Abstract

Multi-operand adders are important arithmetic design blocks especially in the addition of partial products of hardware multipliers. In this paper, a current mode circuit proposed for addition of seven inputs, namely, (7,3) counter. Input operands are added up using current mode multi-valued signals with three bit output. The circuit is designed using 0.18 μm technology and simulated using HSPICE. The results show that our design consumes less power at high frequencies compared to standard CMOS implementation. The current consumption in the circuit is constant; as a result an analog friendly design is accomplished since it does not produce significant switching noise. The circuit can be used for multipliers, FIR filters and similar signal processing blocks. The design is especially advantageous for the mixed signal design environment.

1. Introduction

Standard CMOS arithmetic circuits have robust working performance; however, they generate excessive noise especially when working at high frequencies. In principle, they require huge amount of power while switching. When working with mixed-signal systems, the system is composed of both analog and digital components where usually the performance of the analog blocks is degraded with switching of digital circuits.

To overcome this issue, analog friendly circuit techniques exist, one of the most promising is the source coupled logic (SCL) circuits for CMOS design where its equivalent is emitter coupled logic (ECL) in bipolar technology. SCL circuits provide analog friendly characteristics, high performance in switching frequency [1]; however, they require more area than standard CMOS circuits in addition to that, they consume static power regardless of the switching frequency.

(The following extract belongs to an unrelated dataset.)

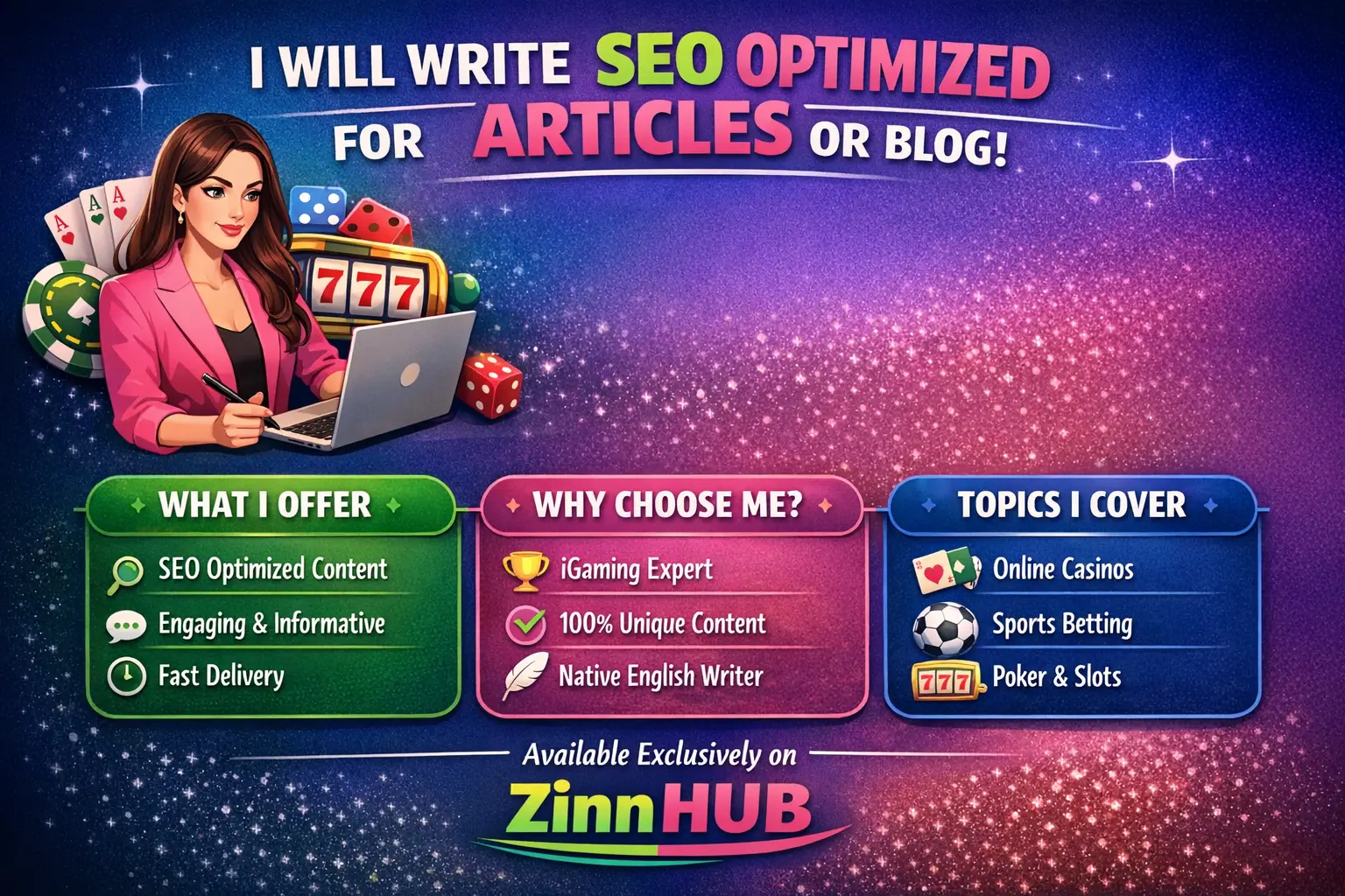 Welcome to my iGaming article and blog writing Zinn. Please message me before ordering!

In this paper an alternative current mode arithmetic circuit is proposed similar to source coupled logic, and have equivalent input and output characteristics where, inputs and outputs of the circuit is complementary same as SCL. Our circuit requires less transistor count. The designed circuit is useful for adding up multiple digital inputs.

Multi-operand adders are required for building multipliers where multiple partial products must be added up to have the multiplication result. Since most of the power is consumed at the arithmetic blocks, especially at multipliers, lower power devices with lower switching noise is desirable. Current mode multi-valued logic and arithmetic circuits are studied extensively until now, some recent works appear at [2-4]. In general the circuits require complex circuit design techniques, suffer from low noise margins and have not been able to standardize because of their difficulty in design. There is still research going on for building reliable circuits. In this paper, a multi-valued circuit is designed which is suitable for constant and variable coefficient multiplier design, and the design can be employed in mixed signal circuits where low switching noise is required. Our design has a differential structure, which is important for the noise immunity. Small swings of the differential data provide fast switching at the circuit. In Section 4, since there is no standardized multi-valued counter circuit at all, our circuit is compared to standard CMOS equivalent only in terms of power and transistor count.

2. Counter design

Basically, a counter circuit is used to reduce partial products in multiplication. The simplest counter circuit is a (3,2) counter, which is a full-adder. It reduces three input operands to two. The operation of a (3,2) counter where the input operands are x, y, z and outputs are s (sum) and c (carry) can be described by:

\[ x + y + z = 2c + s \]  \( (1) \)

As an example, a three operand four bit redundant adder, namely, a carry save adder (CSA); can be built using four full adders, i.e. one full adder is required for each bit. Fig. 1.a shows the redundant addition scheme where four bit X, Y and Z inputs are added up with the result S + C. In the figure, the rectangular blocks represent full adders (FA). The redundant structures require a completion adder for getting the end result. Fig. 1.b shows a four operand adder with two stage redundant adder (two stage CSA adder) scheme with a carry propagate adder (CPA) at the third stage [5]. Here, four bit numbers, X, Y, Z and W are added up, with a six bit S output. Counters can be built for more than three input operands. Mostly used counter circuits are (3,2), (7,3) and (15,4) counters, where first operand implies the number of inputs and the second one is the number of the outputs. Larger counters can be built by combining smaller ones. The \((m,k)\) counters can be defined as:

\[ \sum_{j=0}^{k-1} x_j 2^j = \sum_{j=0}^{m-1} y_j \]  \( (2) \)
In a (7,3) counter, k=3, m=7; the inputs are \(x_0 \ldots x_6\) and the outputs are \((s_2 s_1 s_0)\). Fig. 2 shows construction of a (7,3) counter using (3,2) counters. FA notation in the figure represents Full Adder, or (3,2) counter, which can be used interchangeably. When linear structure which is simpler to wire is used, the critical path is four adder delays and whenever the tree structure is used, the critical path delay reduces to three adder delays. They both require four full adders. Both of the structures are functionally equivalent, however the tree structure has better performance in speed. The adder structures are extensively explored in [6]. In Fig. 3, an example of addition of seven operands using a series of (7,3) counters is shown. Here, in the first stage, each digit is fed into a (7,3) counter, each digit produces three digit output. The three digit outputs again tiled according to their bit weights, and this time they are fed into a (3,2) counter for reduction of the outputs to only two. If regular representation of the added up number is required, this carry-save representation can be fed into a ripple carry adder, same as Fig. 1.b. Then conventional non-redundant addition result can be achieved. There is various partial product reduction techniques, especially carry-save based implementations have special importance where, all the products are reduced to two in the end. In general, for building carry-save based algorithms, counter and compressor circuits are used. Compressor circuits are a special case of counter circuits, which are built by specially tiling the carry-save operators.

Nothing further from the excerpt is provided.